2. Core Features and Use Cases
Use Case 1: Enterprise Knowledge Base and Smart Customer Support
Upload enterprise documents (e.g., manuals, contracts) to AnythingLLM and use DeepSeek-R1 for precise Q&A.
Advantages:
- Local data storage for privacy.
- Multi-format file parsing.
Use Case 2: Research and Analysis
Researchers can process long texts (e.g., papers, reports) to generate summaries or extract key insights.
Examples:
- Legal document analysis.
- Medical literature processing.
Use Case 3: Personal Productivity
- Generate weekly reports from work logs.
- Offline multilingual translation.
- Build a private knowledge base for learning.
Use Case 4: Development and Testing
Developers can test different parameter sizes of DeepSeek-R1 for performance and compatibility.
3. Installing and Deploying DeepSeek-R1 on Windows
Step 1: Install CUDA Toolkit (Optional for GPU Acceleration)
- Visit the CUDA Toolkit Download Page.
- Select the appropriate version for your Windows system.
- Choose the “local” installation type for the best experience.
- Reboot your computer after installation.

Note: Skip this step if your system lacks a GPU.
Step 2: Install Ollama
- Download the Ollama installer from the official website.
- Follow the installation prompts.
- Verify that Ollama is running in the background (check the system tray).

Step 3: Install Models via Ollama
- Visit the Ollama Model Library.
- Select a model based on your hardware:
- 1.5B for CPU-only setups.
- 14B+ for GPUs with 16GB+ VRAM.
- Run the installation command in PowerShell:
ollama run deepseek-r1:1.5b

Step 4: Install and Configure AnythingLLM
- Download AnythingLLM from the official website.
- Set “Ollama” as the LLM provider in the settings.
- AnythingLLM will automatically detect deployed models like
deepseek-r1:14b
.

Step 5: Download and Configure Embedding Models
- Open a command-line tool and run:
ollama pull nomic-embed-text
- Configure the embedding model in AnythingLLM settings and save changes.

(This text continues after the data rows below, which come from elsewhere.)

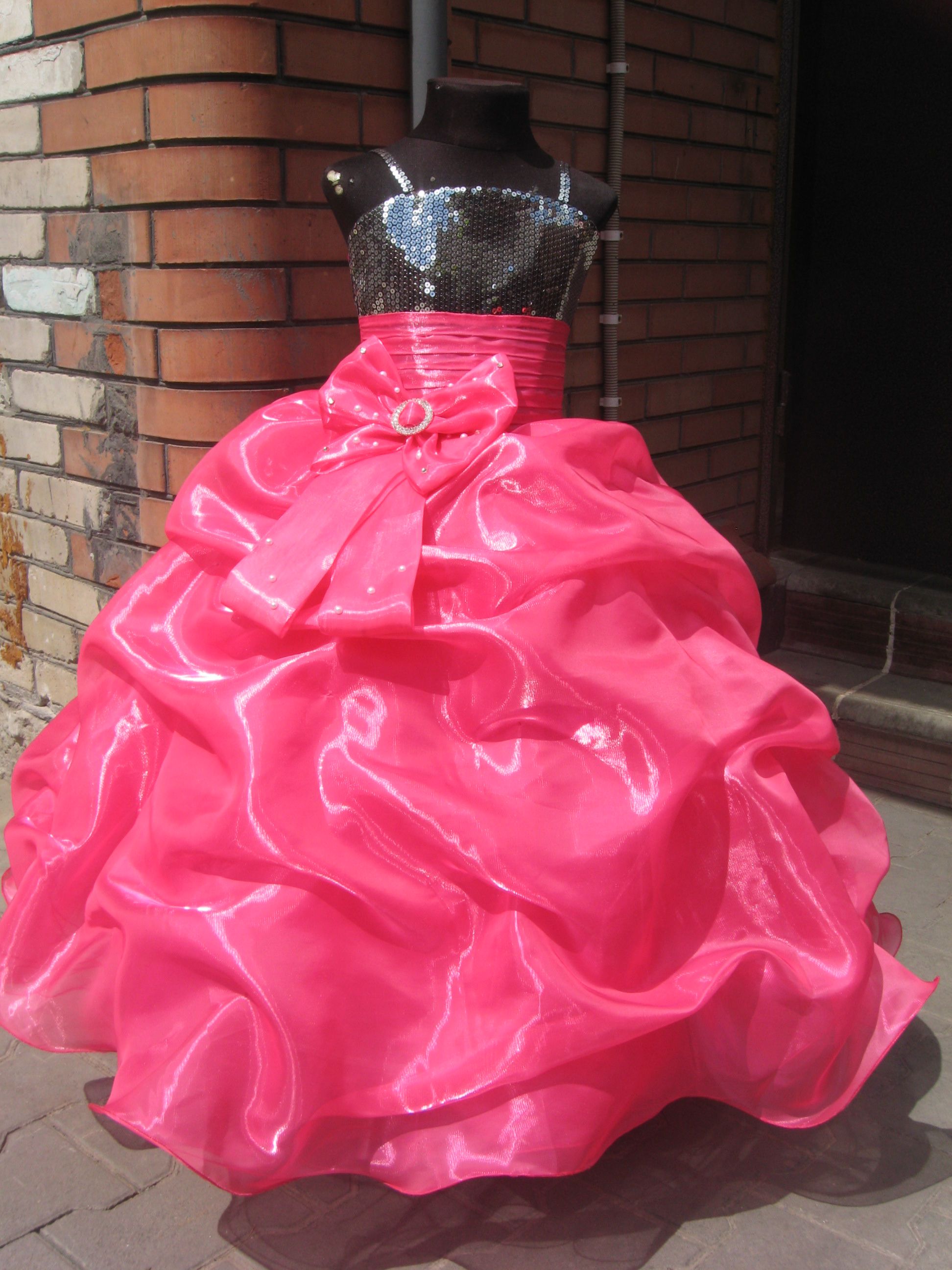детское платье из малинового флама ,очень пышное и корсетом из паеток
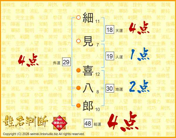 細(11画)見(7画) 喜(12画)八(8画)郎(10画)
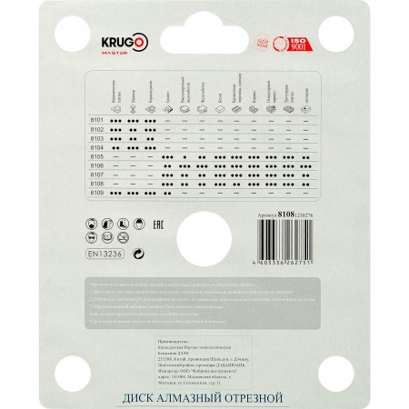Диск алмазный сплошной 10 KRUGO MASTER 125х1,8х22,2х10 mm 81081250276
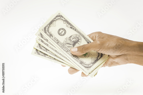 hand holding packs of American dollars banknote
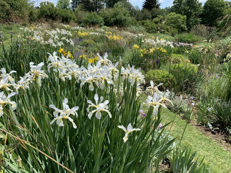 Die weiße im Vordergrund ist die Iris spuria Frigia
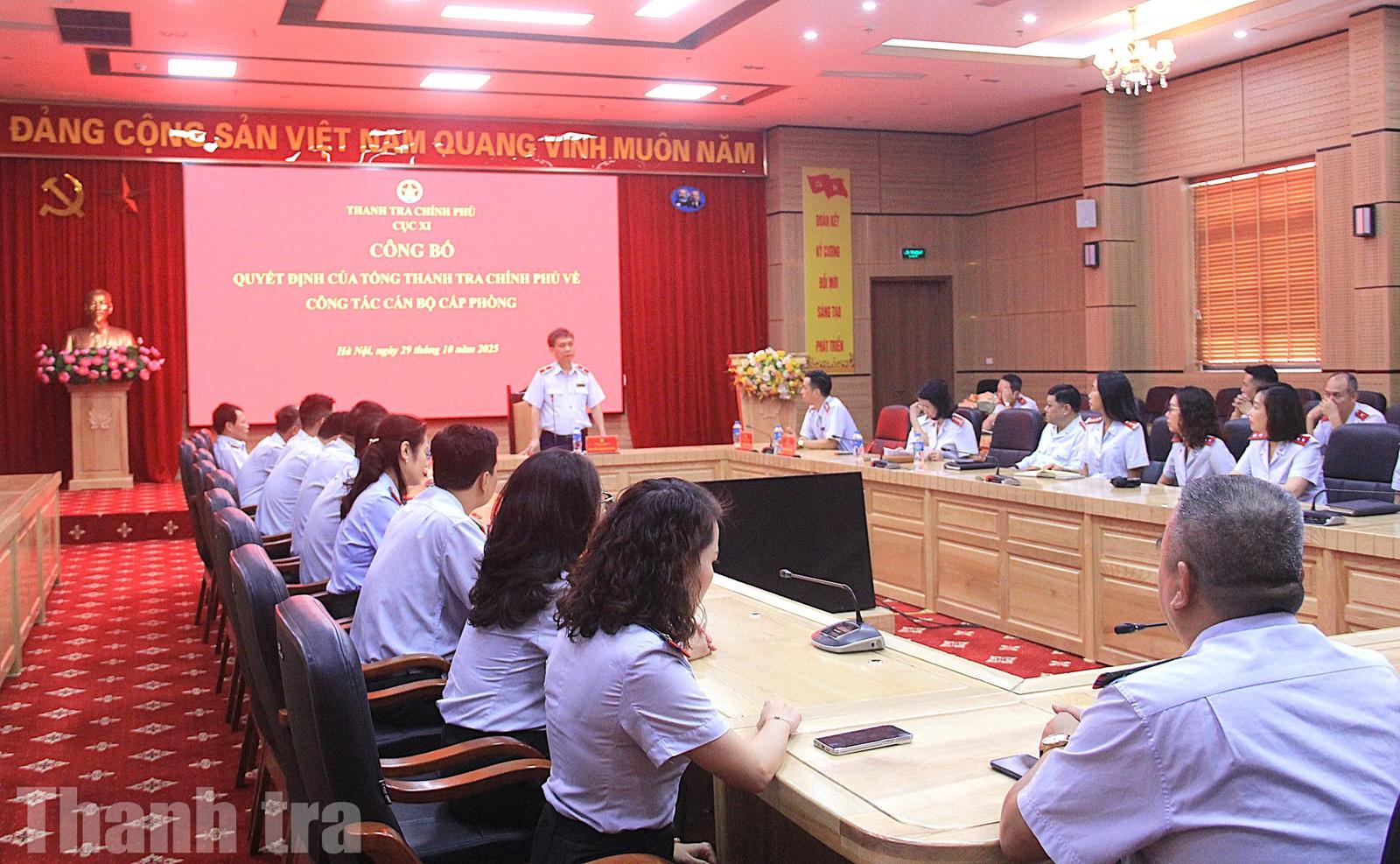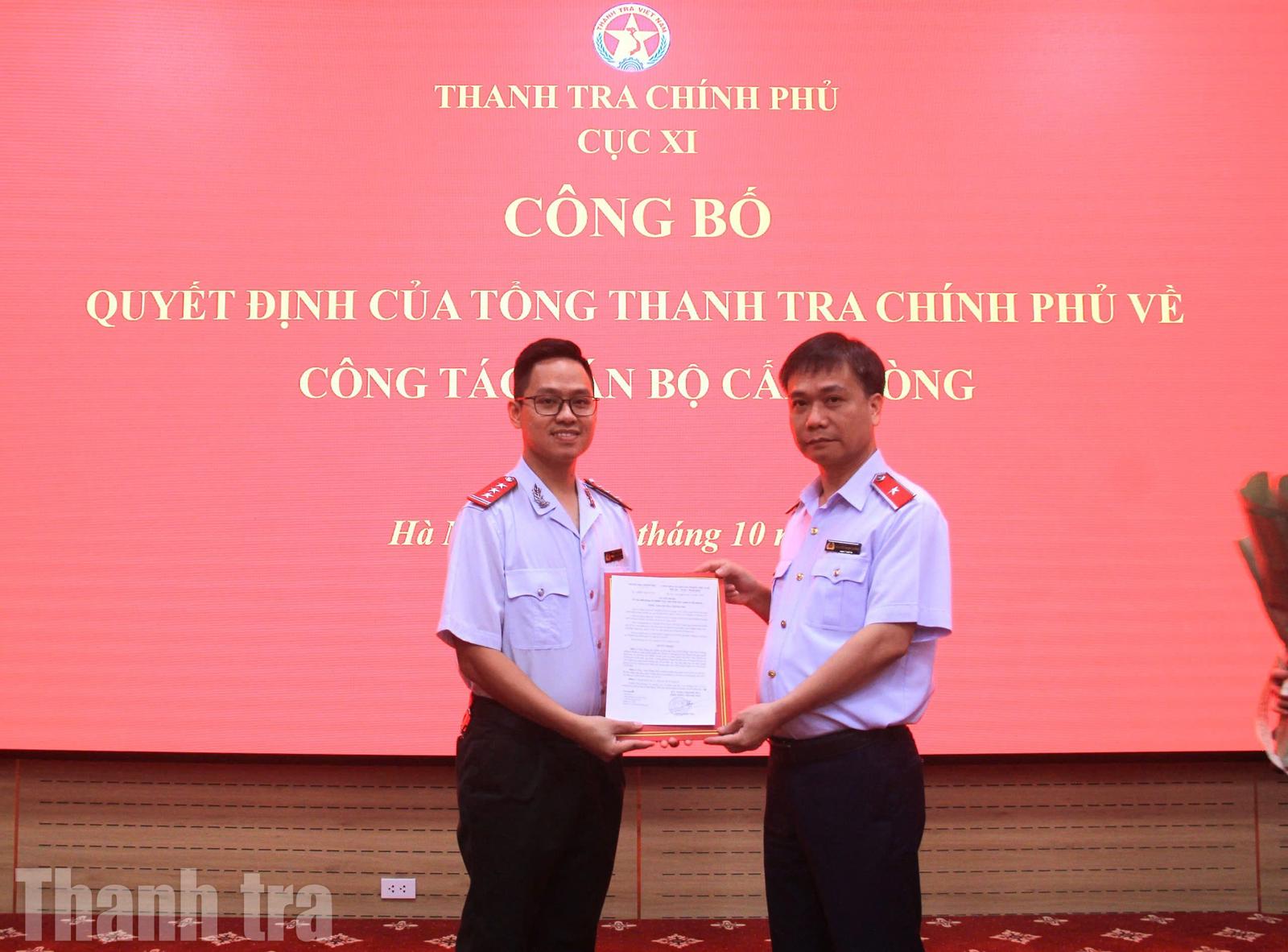 Tại buổi trao quyết định tiếp nhận, bổ nhiệm lãnh đạo cấp phòng, ông Nguyễn Mạnh Cường, Cục trưởng Cục XI đã trao Quyết định của Tổng Thanh tra Chính phủ về việc điều động, bổ nhiệm công chức lãnh đạo, quản lý cấp phòng Thanh tra lĩnh vực thể thao (Phòng 2) và Phòng Thanh tra lĩnh vực thông tin, báo chí (Phòng 4).

Step 6: Upload Local Data to Build a Knowledge Base
- Navigate to the workspace page in AnythingLLM.
- Click “Upload” and choose one of the following:
- Directly upload files.
- Connect to a database.
- The system will vectorize the data for contextual Q&A.

4. Hosting Ollama as a Server on Windows
Configure Environment Variables for Remote Access
- Open System Properties → Environment Variables.
- Add the following variables:
OLLAMA_HOST=0.0.0.0
OLLAMA_ORIGINS=*
(optional for cross-origin access).
- Restart the Ollama service or your system.

Open Firewall Ports
Run the following command as an administrator:
netsh advfirewall firewall add rule name="Ollama" dir=in action=allow protocol=TCP localport=11434
#verify the port
netsh advfirewall firewall show rule name="Ollama"
Verify Remote Access
- Check your local IP address with
ipconfig
. - Test access from another device:
curl http://[Windows Host IP]:11434/api/tags
Optional: Public Access via Tunneling Tools
Use ngrok to expose your server:
ngrok http 11434
5. Troubleshooting Common Issues
Server Connection Failed
- Ensure
OLLAMA_HOST
andOLLAMA_ORIGINS
are configured correctly. - Restart the Ollama service.
Port Conflict
- Check for port conflicts with:
netstat -ano | findstr 11434
Memory Issues
- Use smaller models (e.g., 1.5B) for low-memory systems.
This guide provides all the steps you need to deploy DeepSeek-R1 on Windows and host it as a local AI server. For additional resources, refer to the official documentation.